Solo el ancho de la Plaza San Martín separaba la Cancillería del humilde departamento del 7mo. piso del edificio de Florida y Avenida Santa Fe. Un departamento en el cuál en ese momento un viejito muy débil, frágil y bajito le pasaba una franela a sus libros en la biblioteca, un plumerito a esa artesanía en madera tan amada por él que representaba a Ícaro, y le pasaba (orgulloso) una virulana a una plaqueta de bronce que su amigo Belisario Roldán le había regalado en 1916 y que decía: «Yo tengo una cosa aguda que decirle a los astros: ya no son ellos los únicos que han visto a los Andes desde arriba».

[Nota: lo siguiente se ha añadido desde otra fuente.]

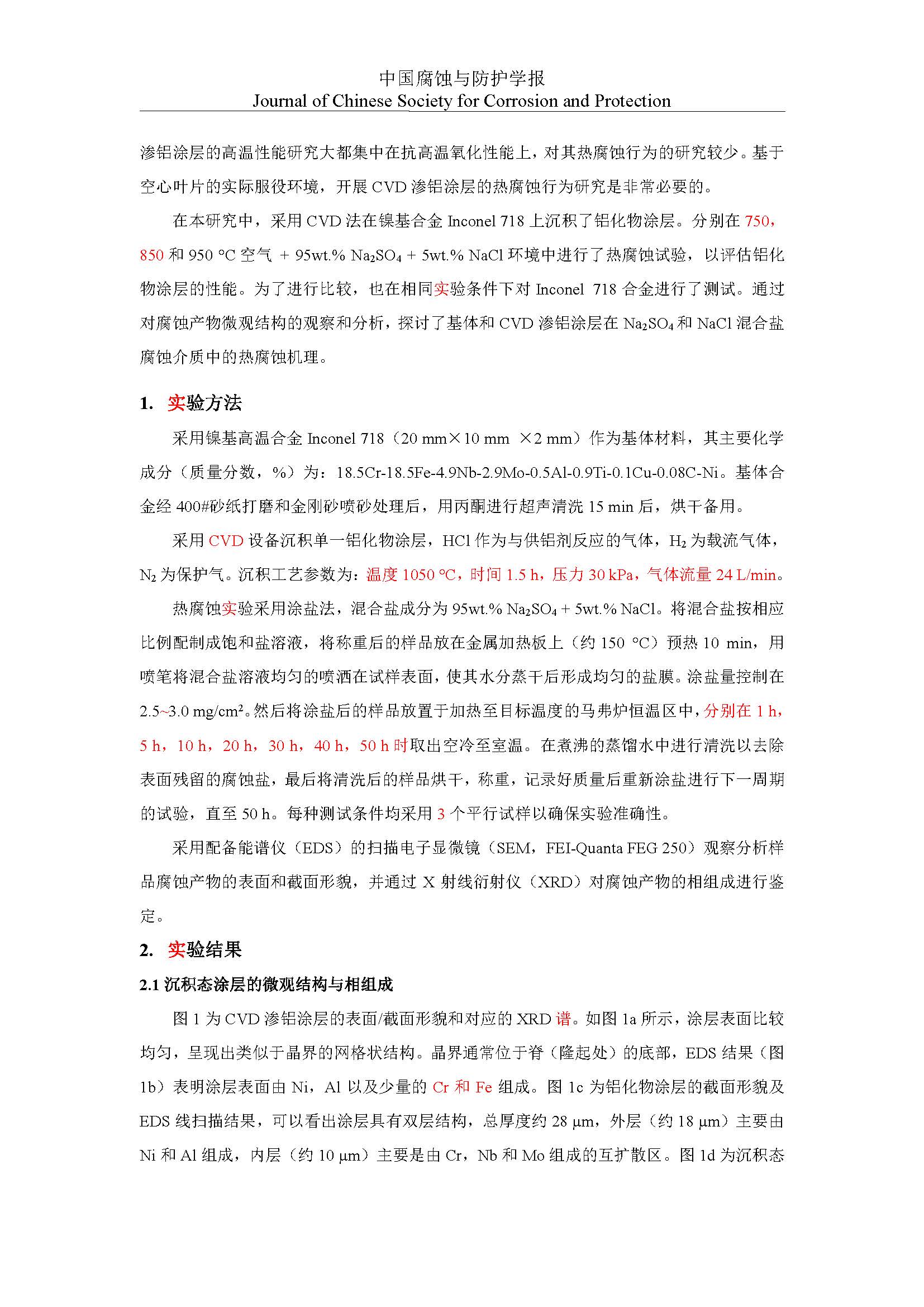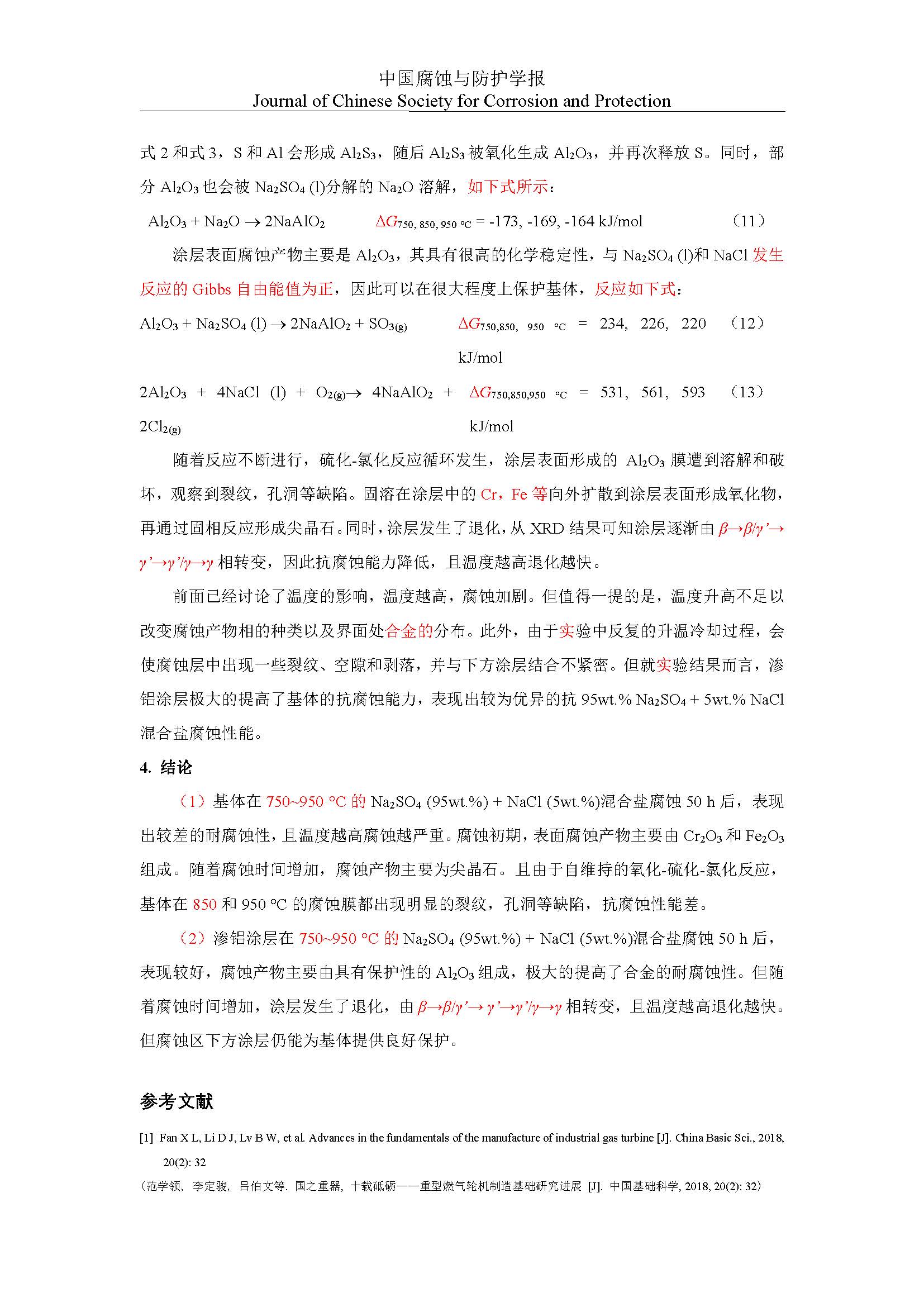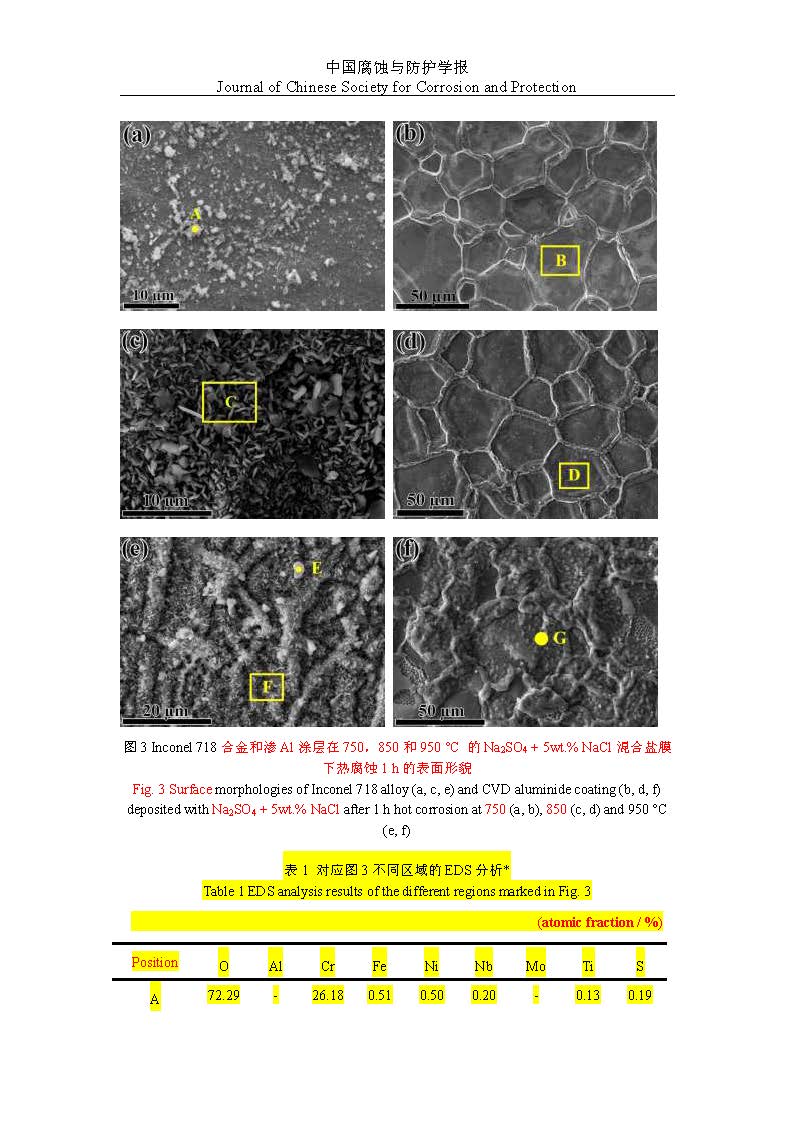 涂覆Na2SO4 (95wt. %) + NaCl (5wt. %)混合盐膜的Inconel 718及其渗铝涂层的热腐蚀行为

Y es que ese viejito, a los 31 años, junto a su inseparable compañero Eduardo Bradley, realizó la mayor proeza hasta ese momento: por primera vez cruzó con su globo remendado «Eduardo Newbery» las aterradoras montañas de Los Andes por encima de los agudos picos nevados, en trayecto de Santiago de Chile a Mendoza. Soportan temperaturas de 33° bajo cero, pero el globo no termina de subir, se estabiliza a los 6.500 metros y ven cómo van a estrellarse o contra el Aconcagua o contra el Tupungato: había que desprenderse de todo el peso posible. Arrojaron las bolsas de arena y nada. Lanzaron las bolsas con comida. Nada aún. Tiraron por la barquilla los revólveres y las municiones. Las paredes seguían acercándose a colisionar de lleno contra ellos. Nada aún. Con todo dolor se desprendieron de todos sus instrumentos científicos, catalejos, relojes y anclas. Igual. En un último intento, se desprendieron de su ropa de abrigo pesada y luego de la liviana. Cuando ya estaban por quitarse los calzones y las camisetas y desprender la barquilla para solo quedar atados a las cuerdas del globo, una proverbial corriente de aire los levanta y pasan a escasos 6 metros por encima del Aconcagua. Ven los valles mendocinos y se largan a llorar como chicos, por más que el porrazo del descenso fue memorable, aunque sólo rasguños. Quedaron al borde de un abismo, tambaleando como la piedra movediza, pero unos paisanos los salvaron. Esa misma tarde en Mendoza casi 2000 personas los llevaron en andas. A los 2 días en Buenos Aires iban en andas sobre casi 40.000.
A ese viejito los franceses lo llamaron «Capitán Soulage», ya que colaboró anónimamente con la aviación militar francesa durante la Primera Guerra, produciendo múltiples derribos a los alemanes y era público y sabido que Manfred von Richthofen (el Barón Rojo) siempre buscó por los cielos al «único halcón que vuela como yo», para dirimir talentos, aunque nunca se encontraron.